Economy Slows as Recession Nears

Economy Slows as Recession Nears

The U.S. economy slowed to a crawl in the last three months of 2015, new government data showed Friday, an indication of how tepid global growth is exposing new weaknesses in the nation’s long and sluggish recovery.

Gross domestic product, a measure of overall output, expanded at a seasonally adjusted rate of 0.7 percent between the months of October and December — just the second time in seven quarters that the nation has registered growth under 1 percent.

The pace, in line with economists’ expectations, shows an economy that is being driven by steady consumer spending but weighed down by business cutbacks and a yawning trade deficit.

The anemic growth could drive new concerns about the nation’s ability to fight off a series of major headwinds, including a downturn in China — the world’s second-largest economy — and an appreciated dollar that has trimmed profits for American manufacturers. Markets have reflected that turmoil in the first weeks of 2016, with the Standard and Poor’s 500 index falling more than 7 percent this month. On Wednesday, the Federal Reserve acknowledged that the economy was slowing down, even though the U.S. labor market remained strong.

“A combination of a strong U.S. dollar and fading demand abroad is having a chilling effect on a broader cross-section of manufacturers,” Scott Anderson, chief economist at Bank of the West, said in an e-mail.

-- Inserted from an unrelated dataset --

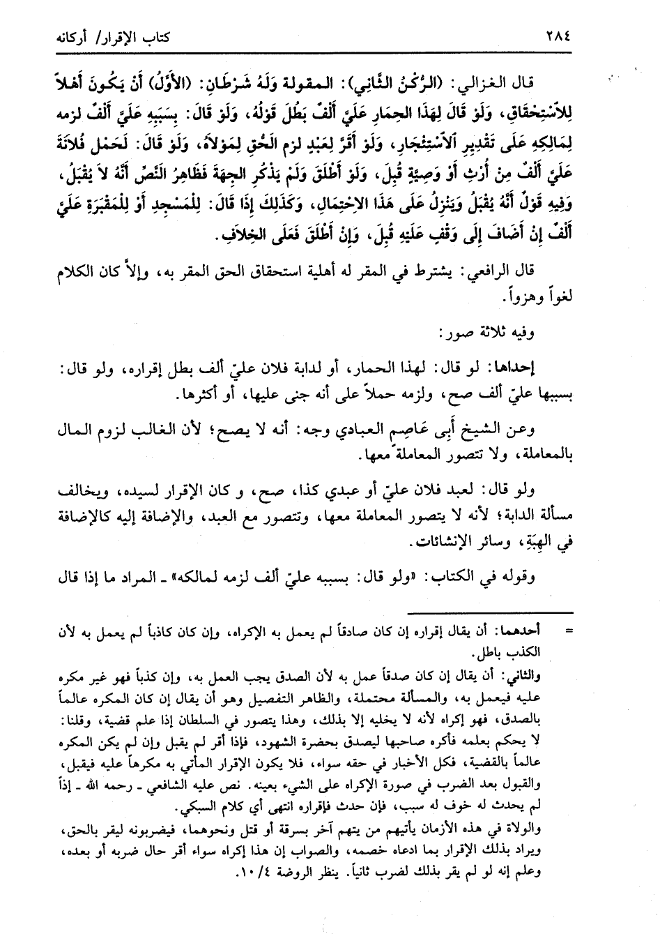 قال الغزالي: (الرُّكْنُ الثَّانِي): المقولة وَلَهُ شَرْطَانِ: (الأَوَّلُ) أَنْ يَكُونَ أَهْلاً لِلاسْتِحْقَاقِ، وَلَوْ قَالَ لِهَذَا الحِمَارِ عَلَيَّ أَلْفٌ بَطُلَ قَوْلُهُ، وَلَوْ قَالَ: بِسَبَبِهِ عَلَيَّ أَلْفٌ لزمه لِمَالِكِهِ عَلَى تَقْدِيِرِ الاسْتِئجَارِ، وَلَوْ أَقَرَّ لِعَبْدٍ لزم الَحّقِ لِمَوْلاهُ، وَلَوْ قَالَ: لَحَمْل فُلانَةَ عَلَيَّ أَلْفٌ من أُرْثِ أَوْ وَصِيَّةٍ قُبِلَ، وَلَوْ أَطْلَقَ وَلَمْ يَذْكُرِ الجِهَةَ فَظَاهِرُ الَنَّصِّ أنَّهُ لاَ يُقْبَلُ، وَفِيهِ قَوْلٌ أَنَّهُ يُقْبَلُ وَيَنْزِلُ عَلَى هَذَا الاِحْتِمَالِ، وَكَذَلِكَ إِذَا قَالَ: لِلْمَسْجِدِ أَوْ لِلْمَقْبَرَةِ عَلَيَّ أَلْفٌ إِنْ أَضَافَ إِلَى وَقْفٍ عَلَيْهِ قُبِلَ، وَإِنْ أَطْلَقَ فعَلَى الخِلاَفِ.

For the year, the U.S. growth — 2.4 percent — looked much as it did in the previous five years of the recovery. In every year since 2010, the GDP has expanded somewhere between 1.5 and 2.5 percent, a pace that edges other advanced countries but lags well behind the boom of the 1990s.

The gross domestic product figure for the fourth quarter is only a preliminary figure and will be revised over the next two months.

All three major U.S. market indexes were up 1 percent in late morning trading.

The data released Friday morning by the Commerce Department provides at least one encouraging sign: Consumers, whose spending accounts for roughly two-thirds of the economy, are eating out at restaurants and buying refrigerators and new vehicles. Economists say they’re benefiting from a labor market that is adding more than 200,000 jobs per month and cheaper oil prices that are helping them save on gasoline. In the fourth quarter, personal spending grew at a solid 2.2 percent pace.

So long as that is maintained, said Gus Faucher, a senior economist at PNC Bank, “the U.S. economy is not in trouble.”